The present study also showed that the effectiveness of elotuzumab was attenuated by the prior use of daratumumab. The mechanism of action of elotuzumab in MM patients involves the activation of natural killer (NK) cells through both CD16-mediated antibody dependent cellular cytotoxicity and direct co-stimulation via engagement with SLAMF7 as well as promoting antibody-dependent cellular phagocytosis by macrophages7,8,33. As it has been reported that daratumumab decreases the number of NK cells, the depletion of NK cells via daratumumab could attenuate the effectiveness of elotuzumab7,8,33,34. Since we do not routinely check the NK cell counts in practice, we could not confirm the existence of this mechanism. However, higher lymphocyte counts may be a prerequisite for the higher NK cell counts, which needs to be confirmed by another study. We interpreted that the sequence of treatment is important. As daratumumab is more frequently used as a front- or early-line therapy today, candidates for elotuzumab treatment are limited to patients with a low tumor burden after treatment with protease inhibitors and/or immunomodulatory drugs without daratumumab treatment. As the effectiveness of elotuzumab could be attenuated by the prior use of daratumumab, it might be useful to use daratumumab after elotuzumab treatment.
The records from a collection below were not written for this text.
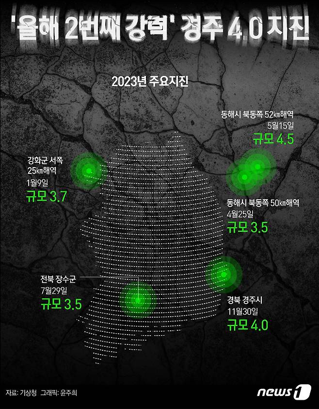 (서울=뉴스1) 윤주희 디자이너 = 30일 기상청에 따르면 이날 오전 4시55분24초쯤 경북 경주 동남동쪽 19㎞ 지역에서 규모 4.0 지진이 발생했다. 발생 위치는 북위 35.79도, 동경 129.42도이며 발생 깊이는 지표면에서 12㎞로 추정된다. 기상청에 따르면 이번 지진은 올해 한반도에서 발생했던 규모 2.0 이상의 99회 지진 중 2번째 규모이며, 내륙에서 발생한 지진 중에는 가장 강력했다. 지진 규모가 가장 컸던 것은 지난 5월15일 강원 동해 북동쪽 52㎞ 해역서 발생했던 규모 4.5 지진이다.
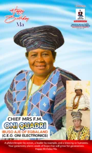 The Chairman of the Peace Initiative Committee (PIC), Ogun Central, Comrade Akeem Abioro, has congratulated Chief Mrs F. M. Oni Quadri Ibuso Aje of Egbaland, the Chief Executive Officer of Oni Electronics, on the occasion of her birthday, describing her as a symbol of dedication, competence and progressive leadership.
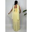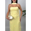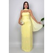 Lilina Straplez Fiyonk Detaylı Şal Aksesuarlı Uzun Sarı Abiye Elbise Sarı
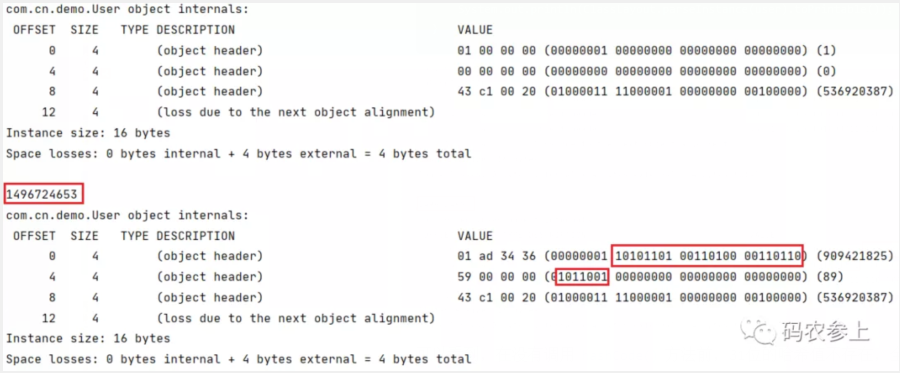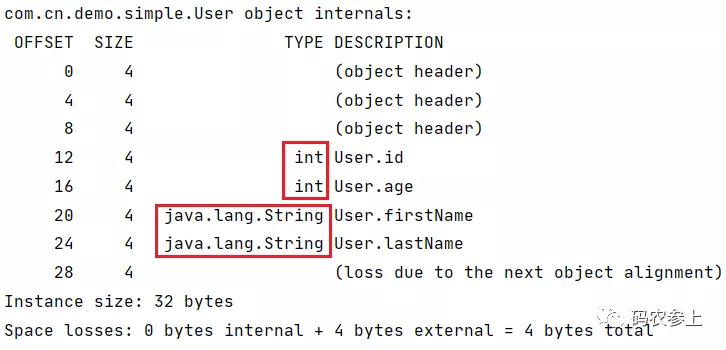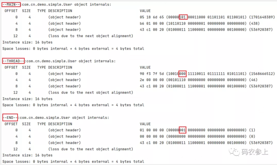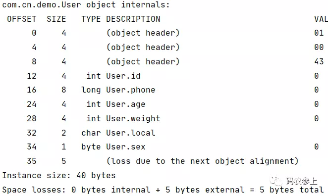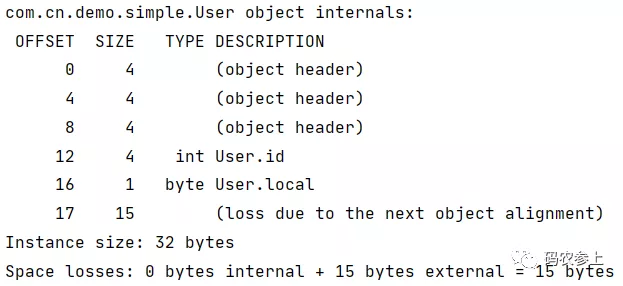 - System.out.println("–END–:"+ClassLayout.parseInstance(user).toPrintable());

There are limitations in this study. First, this was a retrospective observation study in which the individual physicians decided the treatment. Because this was not a randomized prospective study, a potential selection bias for elotuzumab treatment cannot be ruled out and could not be controlled for in the multivariate analysis. We adapted boot strap method to perform internal validation. However, it was difficult to confirm external validation in our cohort because of the limited number of analyzed patients. Therefore, prospective cohort studies of elotuzumab treatment will be needed to substantiate our results. Second, we could not include the data regarding high-risk cytogenetic abnormalities in our multivariate analysis due to limited data. As high-risk cytogenic abnormalities are one of important prognostic factors, this should also be validated by other studies. Third, we could not analyze the detailed fraction of lymphocytes (such as CD4 + T cells, CD8 + T cells, regulatory T cell, etc.) for further understating the mechanism of elotuzumab. In spite of these limitations, to our knowledge this is the first study to demonstrate that the efficacy of elotuzumab, and potentially other immunotherapies could be predicted by the balance between the tumor burden and host immune status. The strength of our study lies in the point that we tried to identify the predictive markers for elotuzumab treatment using the factors which are easily available in actual clinical practice.

In conclusion, we proposed a new scoring system using lymphocyte counts and the κ/λ ratio or B2MG to predict the TTNT of elotuzumab treatment. This scoring system would be useful for differentiating patients who could benefit from elotuzumab treatment.